Human nature rears its ... rear, I guess.
Greens say that their message is getting out. We've all heard it. And we all want to save the earth ... just so we don't actually have to do anything about it.
An Australian TV network worked up a "2½ hour feast of practical advice on how (viewers) might save the planet."
But only about 600,000 actually tuned in. And it's not like nobody knew about the special.
"We had study guides in schools, we had the full support of the print media (italics added) , both editorially and with advertising, and an extensive [Ten Network] on-air campaign with a number of different creative treatments and different stances.
"We spent a fortune to get the audience there and it didn't work. We've talked about it quite a lot internally. We're disappointed."
The SydneyMorning Herald calls it "the green condundrum".
Despite the focus on climate change, the green conundrum is alive across myriad product categories, including toilet paper.

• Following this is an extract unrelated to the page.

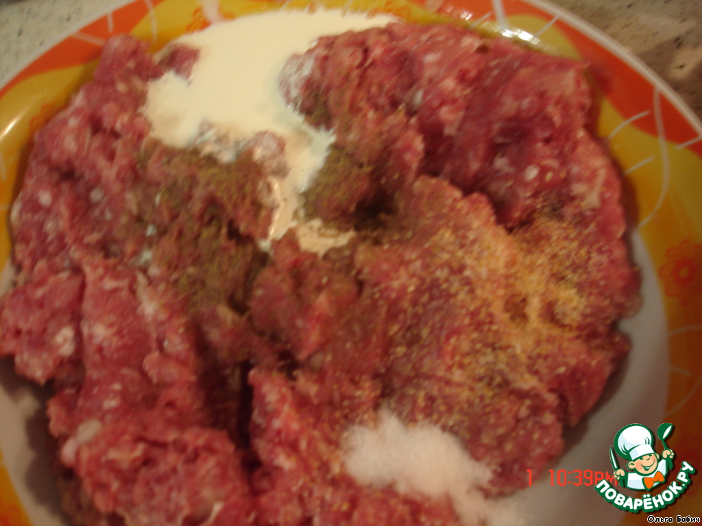 приготовить фарш (какой любите), перемолоть лук в блендере, добавить специи, сливки, 1 яйцо (я добавила позже, поэтому на фото его нет). Хорошо перемешать!

Australians spend $500 million a year on the stuff but just $20 million each year goes to brands using recycled paper. Since 2005 the category has been in decline, although it showed some promise in the latter part of last year.
Maybe it is a conundrum. Or perhaps it's hype overload?
Is it possible that decades of doomsayer prognostications -- all of which faded and were forgotten when the predicted troubles failed to materialize at the appointed time (the population bomb and attendant famine, overcrowding, even longer lines at the motor vehicle department, etc.; holes in the ozone; ice age; etc.) -- have inured us 'umble masses to the foam-flecked forecasting of panicmongers so that we no longer buy their incessant ballyhoo?
Maybe not.
Another explanation may be that we all know it's not nice to mock the Global Swarming theologians. "It's settled science!" "Debate Ended!" So we don't. When asked, we politely aver that we really do totally honest to gosh fully and wholeheartedly believe we're all gonna fry, drown, starve and go crazy in ten years if we don't use recycled toilet paper, carpool around in solar-powered coke cans and dwell in caves. But once left to ourselves, we resume our lives, heat our homes, drive to work, church, and soccer practice, and leave poor Mother Earth alone. Maybe we know instinctively that she's a tough old broad and can take anything we can dish out. Maybe we got the message about global warming. Maybe we don't need another two and half hours of media blast on earth-saving tips, especially not if it's up against CSI.
Or maybe we don't take the message any more seriously than Al Gore appears to.
And then, of course, there are those rebels who simply find GW's Kool-Aid too sweet.